Rounding in the computer

Since floating-point numbers occupy only a certain finite space in the computer, the accuracy is limited by nature. According to mathematical operations ( such as multiplication) also exist in the rule numbers that would require a higher accuracy. In order to display the result still needs to be rounded in some way so that the number in the appropriate number format ( eg, IEEE 754 ) fits.

The simplest rounding scheme is the truncation (English truncation or chopping ): A number on the left of a certain point left, the rest fall behind. Thus they will be rounded down to the next possible number. For example, if you rounded to zero decimal places, from a. This method is very fast, but it suffers from a relatively large rounding errors (in the example it is ). However, the performance is an indispensable tool in digital signal processing. As a single method can be prevented by rounding errors in digital filters with it an unstable limit cycle safely.

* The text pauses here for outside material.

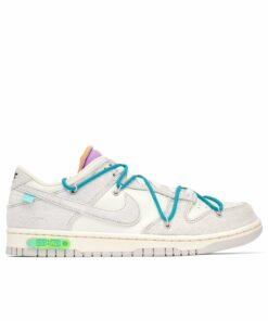 Forming part of the ‘Dear Summer’ collection, the Nike Dunk Low x Off-White Dear Summer – 36 of 50 is a playful collaborative pair that will brighten-up your collection. With an upper crafted of smooth white leather and light grey brushed suede, this design sees a decorative aqua blue lacing system elevate its toned-down base. Including a purple and orange exposed-foam tongue, it’s complete with recognisable Off-White elements such as the matching violet plastic zip tie and light blue tab on its Swoosh. A vibrant green ‘36 of 50’ badge sits on its cream Air-cushioned midsole adds context to the Nike Dunk Low x Off-White Dear Summer – 36 of 50, a pair that guarantees to bring an element of fun to your rotation.
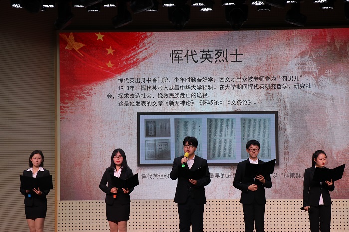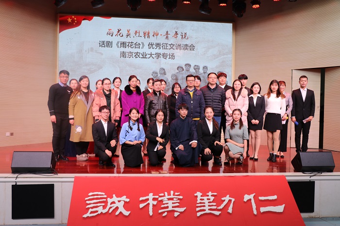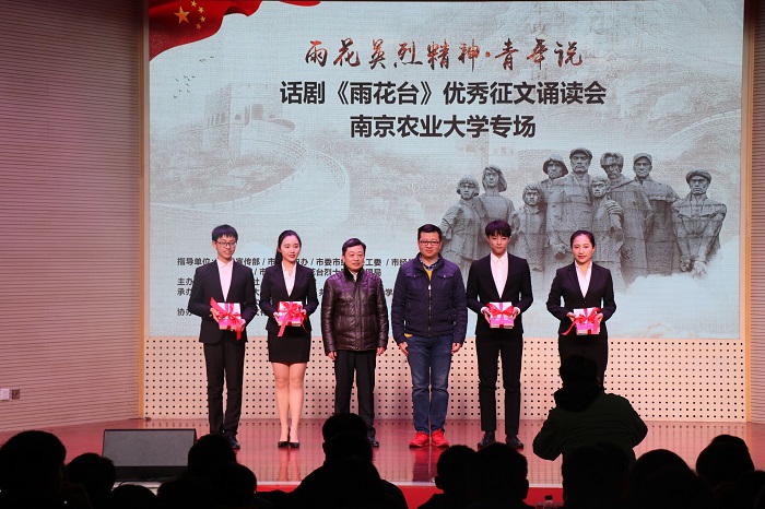 于大学生活动中心举办了“雨花英烈精神·青年说”优秀征文诵读会,晚会由周玲玉、雍乾主持。

As a further rounding scheme, the commercial rounds is also used (English round -to -nearest ). You add this before rounding on the number to be rounded and cuts off after that. In the example, that would mean that is truncated to 3, the error in this case is only 0.25. However, this rounding is skewed positive.

Therefore, one takes into consideration the mathematical rounding (English round -to -nearest -even ) that rounds in both figures to the nearest even number. This rounding method is provided in the IEEE -754 standard. Alternatively, you can also rounded to the nearest odd number (English round -to -nearest -odd ).

Although the mathematical rounds shows good numerical performance, but it requires a full addition, since the carry passes through all digits of the number in the worst case. Thus, it has a relatively poor run-time performance. As possible to circumvent these problems, offers a ready-made table that contains the rounded results, which only need to be accessed.